» DATA IN THIS EXERCISE
******

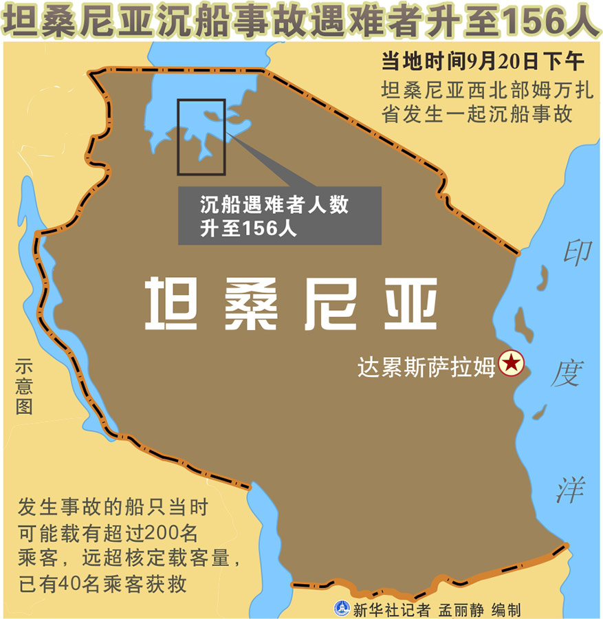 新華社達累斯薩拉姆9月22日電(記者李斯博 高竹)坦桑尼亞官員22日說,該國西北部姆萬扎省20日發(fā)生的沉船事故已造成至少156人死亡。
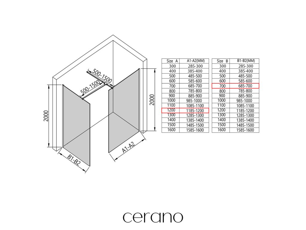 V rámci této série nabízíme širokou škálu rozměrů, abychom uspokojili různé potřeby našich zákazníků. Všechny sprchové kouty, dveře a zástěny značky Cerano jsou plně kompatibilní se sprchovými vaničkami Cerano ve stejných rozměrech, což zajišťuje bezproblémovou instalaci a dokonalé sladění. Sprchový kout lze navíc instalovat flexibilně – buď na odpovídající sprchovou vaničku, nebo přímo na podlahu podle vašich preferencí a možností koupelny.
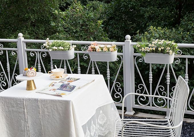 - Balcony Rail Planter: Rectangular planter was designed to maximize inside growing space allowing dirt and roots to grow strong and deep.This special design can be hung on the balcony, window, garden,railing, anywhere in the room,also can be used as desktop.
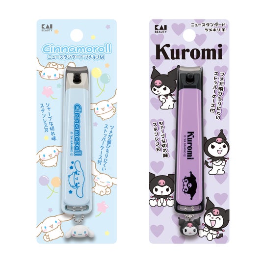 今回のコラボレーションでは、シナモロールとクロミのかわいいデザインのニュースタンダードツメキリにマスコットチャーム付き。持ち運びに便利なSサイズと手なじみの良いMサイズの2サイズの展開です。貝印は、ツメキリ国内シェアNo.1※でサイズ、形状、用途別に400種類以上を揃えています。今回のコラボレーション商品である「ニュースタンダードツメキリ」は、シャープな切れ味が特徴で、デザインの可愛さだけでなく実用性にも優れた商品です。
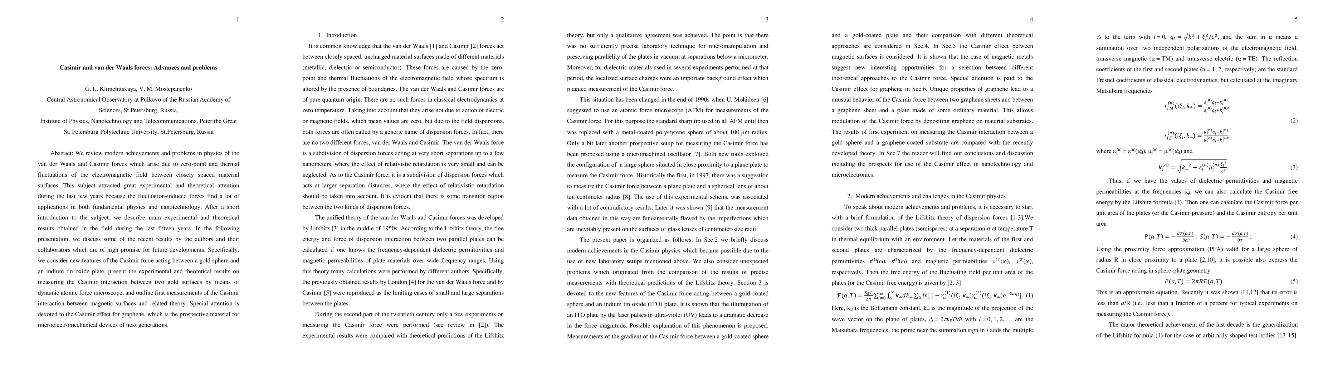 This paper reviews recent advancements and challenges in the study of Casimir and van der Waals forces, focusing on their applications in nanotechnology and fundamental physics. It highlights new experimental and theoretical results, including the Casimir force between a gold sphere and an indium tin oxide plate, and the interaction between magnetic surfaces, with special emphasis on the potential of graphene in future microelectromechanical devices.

******

» TRY IT
Would you please restate the records word for word, excluding any images?

» EXERCISE RESPONSE
 新華社達累斯薩拉姆9月22日電(記者李斯博 高竹)坦桑尼亞官員22日說,該國西北部姆萬扎省20日發(fā)生的沉船事故已造成至少156人死亡。
 V rámci této série nabízíme širokou škálu rozměrů, abychom uspokojili různé potřeby našich zákazníků. Všechny sprchové kouty, dveře a zástěny značky Cerano jsou plně kompatibilní se sprchovými vaničkami Cerano ve stejných rozměrech, což zajišťuje bezproblémovou instalaci a dokonalé sladění. Sprchový kout lze navíc instalovat flexibilně – buď na odpovídající sprchovou vaničku, nebo přímo na podlahu podle vašich preferencí a možností koupelny.
 - Balcony Rail Planter: Rectangular planter was designed to maximize inside growing space allowing dirt and roots to grow strong and deep.This special design can be hung on the balcony, window, garden,railing, anywhere in the room,also can be used as desktop.
 今回のコラボレーションでは、シナモロールとクロミのかわいいデザインのニュースタンダードツメキリにマスコットチャーム付き。持ち運びに便利なSサイズと手なじみの良いMサイズの2サイズの展開です。貝印は、ツメキリ国内シェアNo.1※でサイズ、形状、用途別に400種類以上を揃えています。今回のコラボレーション商品である「ニュースタンダードツメキリ」は、シャープな切れ味が特徴で、デザインの可愛さだけでなく実用性にも優れた商品です。
 This paper reviews recent advancements and challenges in the study of Casimir and van der Waals forces, focusing on their applications in nanotechnology and fundamental physics. It highlights new experimental and theoretical results, including the Casimir force between a gold sphere and an indium tin oxide plate, and the interaction between magnetic surfaces, with special emphasis on the potential of graphene in future microelectromechanical devices.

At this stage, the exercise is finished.